U.S. futures fell for a second day. Hedge funds increased their net-long position in WTI to an all-time high of 437,770 contracts in the week to Jan. 9, according to the Commodity Futures Trading Commission. Citigroup Inc. and UBS Group AG said prices will probably weaken this year as supplies pick up. Technical indicators also showed futures are overbought.
While oil closed lower Tuesday for the first time in more than a week, prices have extended a two-year gain as OPEC and its allies including Russia trim output to drain a global glut. Banks from Citigroup to Societe Generale SA have started to speculate the supply deal may end early, but Russian Energy Minister Alexander Novak said this week that cuts should continue and there’s no need to make hasty decisions after recent price gains.
“Crude-oil prices are likely to weaken over the course of the year” as the market moves from deficit to balance, said Giovanni Staunovo, an analyst at UBS in Zurich.
West Texas Intermediate for February delivery was at $63.39 a barrel on the New York Mercantile Exchange, down 34 cents, at 10:47 a.m. London time. There was no settlement Monday because of the Martin Luther King Jr. holiday in the U.S., and all transactions were booked Tuesday.
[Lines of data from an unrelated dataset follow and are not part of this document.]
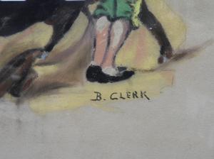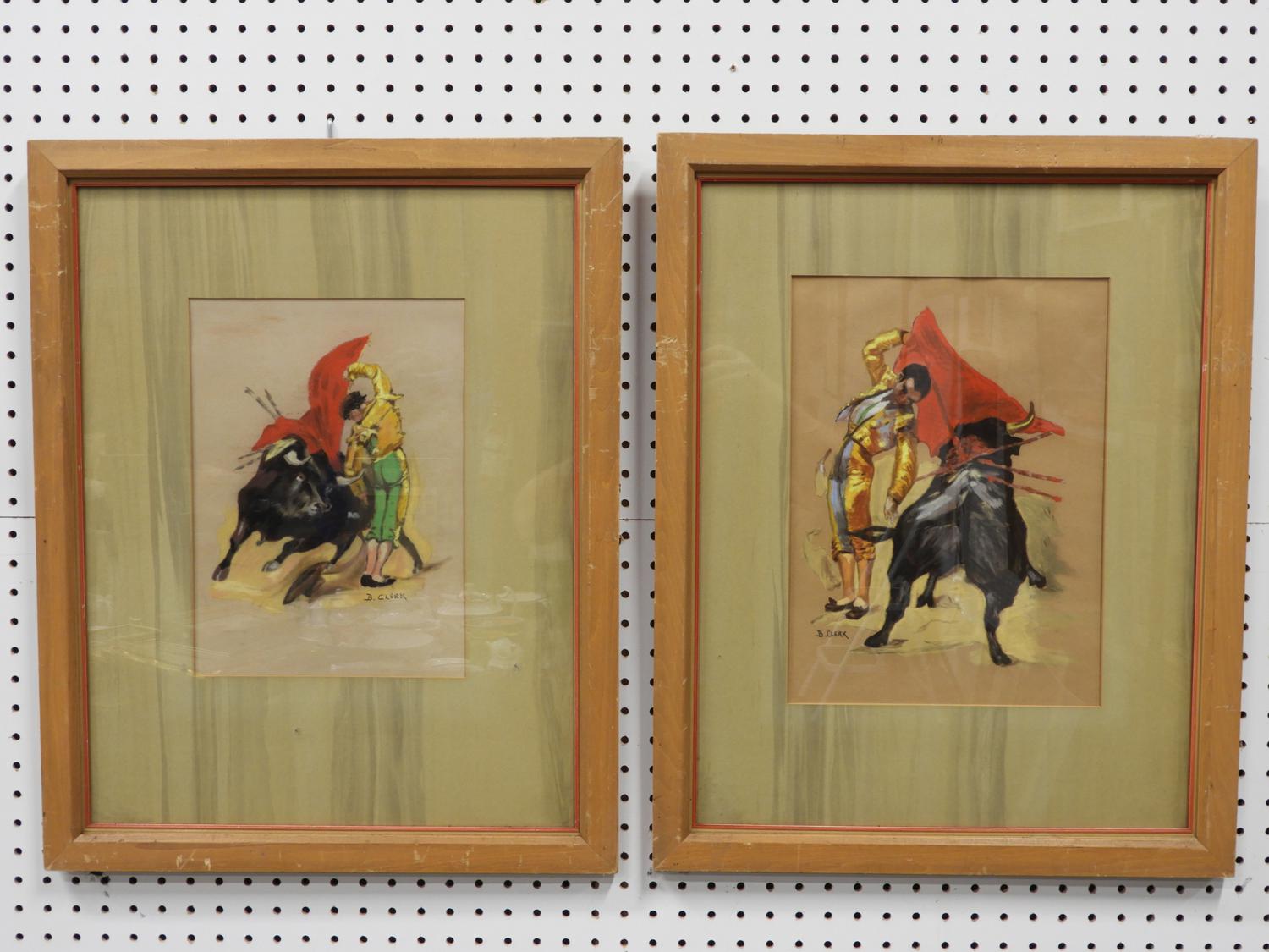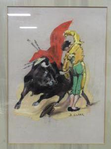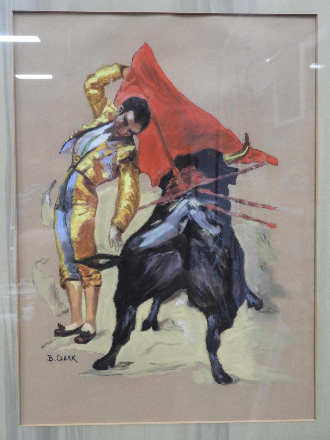 b. clerk, pair of pastels, 14 1/2" x 10" and smaller, "matadors"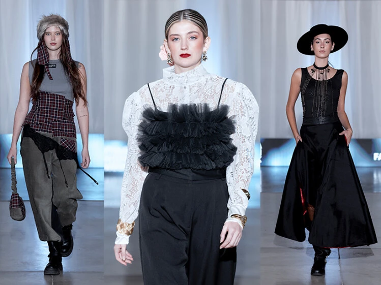 Cecilia González Mestre Raíces: resistencia en blanco y negro Valles y cerros del noroeste traducidos a encaje estructural, a flora y fauna nativas reinterpretadas como textura, a una paleta monocromática que no necesita justificación. Raíces no fue una colección sobre la identidad: fue identidad hecha prenda.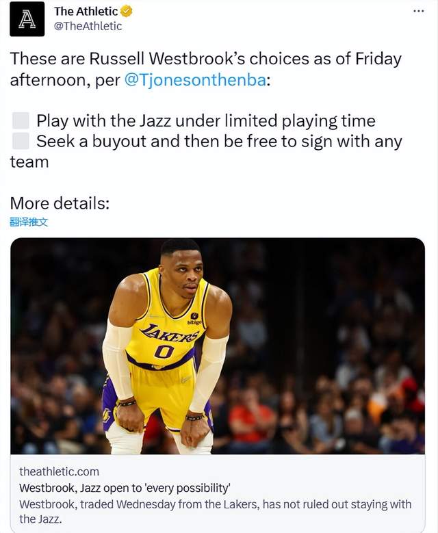 根据报道,爵士方面对于和威少的友好沟通感到非常高兴,对于威少的职业精神也感到开心。威少将决定自己在下半个赛季的未来,而且爵士不会给威少设限。这意味着,威少可以选择和爵士达成买断协议,然后加盟自己心仪的球队。当然,威少也可以选择留在爵士,如果这样选择,爵士不会裁掉威少,并且很高兴看到他留在阵容名单中。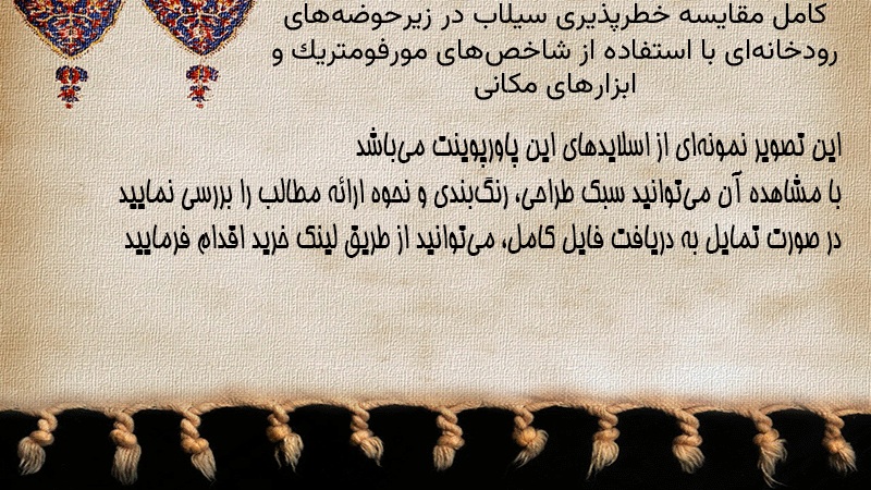 پاورپوینت کامل مقایسه خطرپذیری سیلاب در زیرحوضههای رودخانهای با استفاده از شاخصهای مورفومتریک و ابزارهای مکانی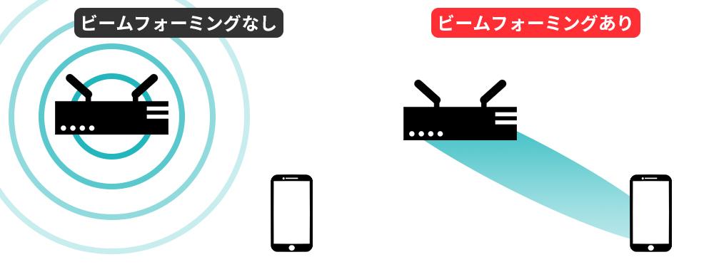この機能を搭載しているルーターであれば、特定の方向に向けて集中的に電波を送れるため、非対応のものよりも高速で安定した通信が行えるようになります。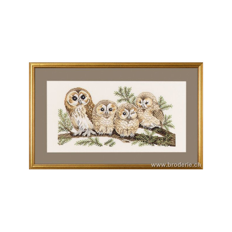L'article 'Eva Rosenstand, kit Chouettes (EV14-146)' fait partie de notre assortiment depuis le 1 mai 2009. Eva Rosenstand est une très belle gamme de points de croix comptés qui fête en 2008 ses 50 ans d'existence. Eva Rosenstand est une des premières maisons à avoir proposé aux clientes un style de broderie qui offrait d'autres motifs que des abécédaires ou marquoirs ... Les créatrices Clara Waever et Eva Rosenstand ont innové en réalisant de véritables tableaux en points de croix comptés, à s'y méprendre à de véritables peintures si on se tient à 1 petit mètre. Vous trouverez dans la gamme Eva Rosenstand beaucoup de paysages, des animaux qui semblent réels et pleins d'autres thèmes (mer - le Cervin - anciens métiers ... cartes de géographie des pays européens). Fiche technique : très belles broderies, riches en teintes différentes, souvent réalisées sur du lin. Points de croix comptés, points arrières. Ces ouvrages ne sont pas difficiles, mais relativement longs - regardez bien le format avant de commander et il est préférable d'aimer travailler sur du lin .. car c'est un peu dommage de devoir changer la trame.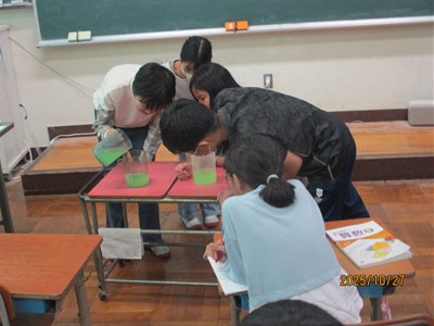 2025/10/27 【5年】平均 5年生 Facebook 2025.10.27 5年生教室で、1リットルますに水を入れて何かをしていました。量がバラバラに入った水を、同じ量にするために、話し合いました。 Post Views: 21
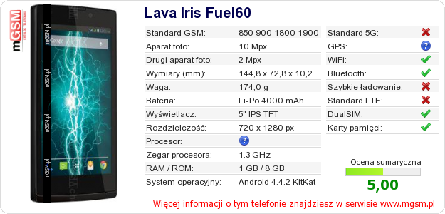 Dane telefonu Lava Iris Fuel60 na Twojej stronie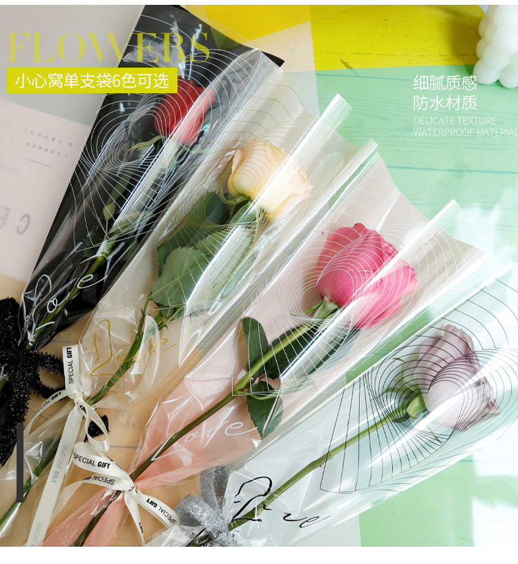 单支花束包装花店花束包装袋opp材料套袋用品鲜花包装纸批发

Brent for March settlement dropped 51 cents to $68.64 a barrel on the London-based ICE Futures Europe exchange after losing 1.6 percent on Tuesday. The global benchmark crude traded at a premium of $5.31 to March WTI.
Figures from the Energy Information Administration on Thursday are forecast to show U.S. stockpiles fell for a ninth week, while OPEC’s monthly report the same day will provide a snapshot of compliance with the supply-cuts deal with Russia. The International Energy Agency follows Friday with its own take on the state of the market.
Oil-market news:
U.S. crude stockpiles probably dropped by 2.9 million barrels last week, according to a Bloomberg survey before the EIA report. While falling inventories mean the “supportive fundamental backdrop is likely to persist in the short term,” markets may begin to weaken in the second quarter as seasonal demand slackens, according to Ed Morse and Christopher Main at Citigroup. Compliance by OPEC and its partners with their oil-cuts accord was 125 percent in December and should remain high this year, Kuwait Oil Minister Bakheet Al-Rashidi said.